三田紀房の起業マンガ『マネーの拳』を題材に、ダイヤモンド・オンライン編集委員の岩本有平が起業や経営について解説する連載「マネーの拳で学ぶ起業経営リアル塾」。第2回は、ビジネスと「ウソ」の関係を考える。

商売人に必須の「ウソ」と「才能」

 元ボクシング世界王者で現在は起業家として苦戦の日々をおくる主人公・花岡拳は、テレビ番組で出会った実業家の塚原為ノ介から「もうかる商売の三原則」について教えを受ける。

 塚原は、花岡が手がける居酒屋の経営はおろか、飲食業から撤退するという条件を突きつけ、それをのめば「1億円の事業資金を提供する」と提案する。ここまでが前回のあらすじだ。
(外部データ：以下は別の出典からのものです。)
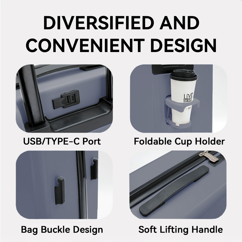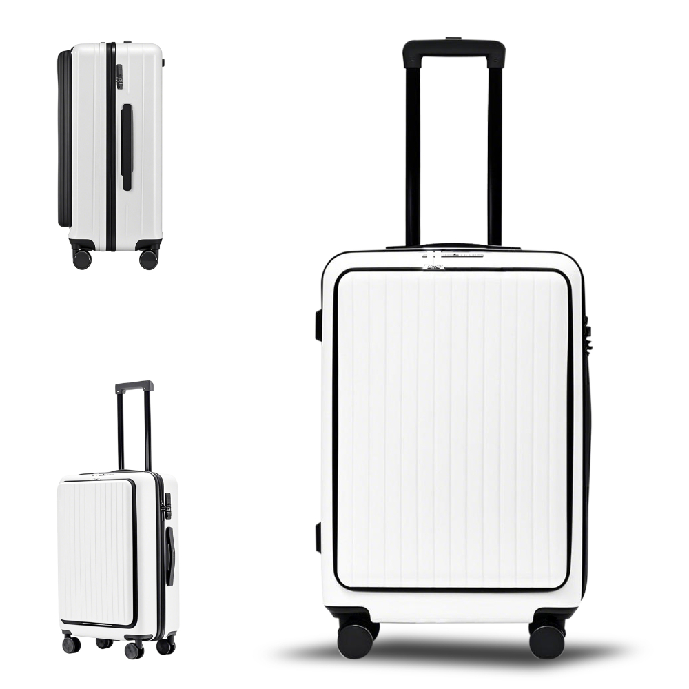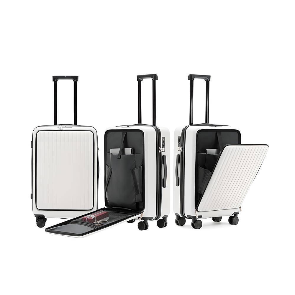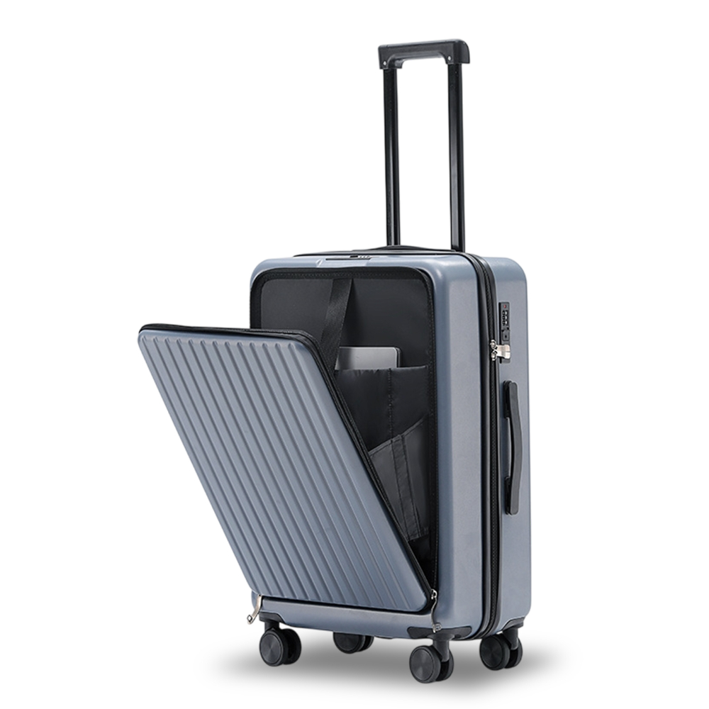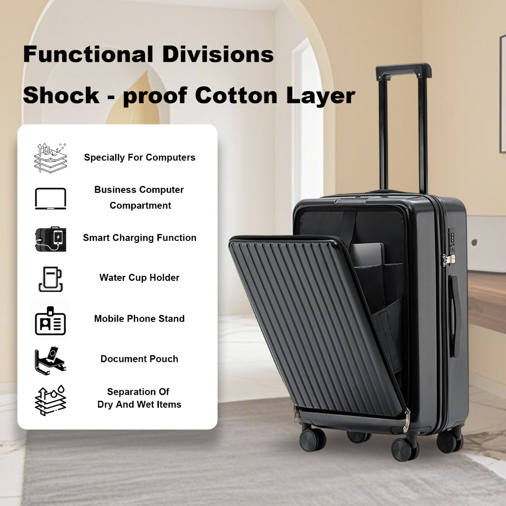 Pi1301 Password Roller Luggage Front Open Design Suitcase Metal Handle Rod With Phone Holder Cup Holder Bag Hook For Travel Boarding

 資金を受け取るか否か――。ボクシングの1ラウンドと同じ3分の間に、結論を出すよう求める塚原。対して花岡は、あるウソをついて1億円を受け取ろうとする。

 塚原はそんな花岡のウソを見透かした上で、花岡に対して「君は商売人として持っていなくてはならない、第一の極意を才能として持っている」「それはまず…嘘つきである…ということだ」と投げかける。

ウソを「本物」に変えるには

漫画マネーの拳 1巻P42『マネーの拳』(c)三田紀房/コルク

 もちろん塚原が言う「ウソ」とは、詐欺やペテンのたぐいを指しているわけではない。「今の時点では実現していないことを実現する」という意味で、「(実現していない)ウソを(実現した)現実に変える」というものの例えだ。

 これは、実際の起業の現場においては至極当たり前のことでしかない。

「タイムマシン経営」という言葉のとおり、海外で成功したビジネスを日本の商習慣のもとで再発明する。自分が働いている業界における長年の課題について、解決策を考えて事業化する。大学で研究している技術の種を転用し、新しいビジネスに仕上げる――。

 さまざまな道はあるが、いずれにしても起業家はそのビジネスを「ゼロ」から育てるわけだ。

 スタートアップの世界では、まずはゼロから最小限の機能を有する製品やサービスを作り、それが顧客や市場のニーズを満たすものなのかを測定して、事業が成功するかどうかを占うのが一般的だ。

 そんな最小限の事業のことを「MVP(Minimum Viable Product)」、市場のニーズにフィットすることを「PMF(Product Market Fit)」と呼ぶ。素早くMVPを作り、ときには改修したりピボット(事業転換)したのちにPMFすることで、初めてビジネスが「本物」になっていく。

 多くのスタートアップは、このPMFをもって、外部から大規模な資金調達を行い、自らのビジネスを加速させていくことになる。1億円の資金提供を狙う花岡は、これからどのようにしてウソを現実にしていくのだろうか。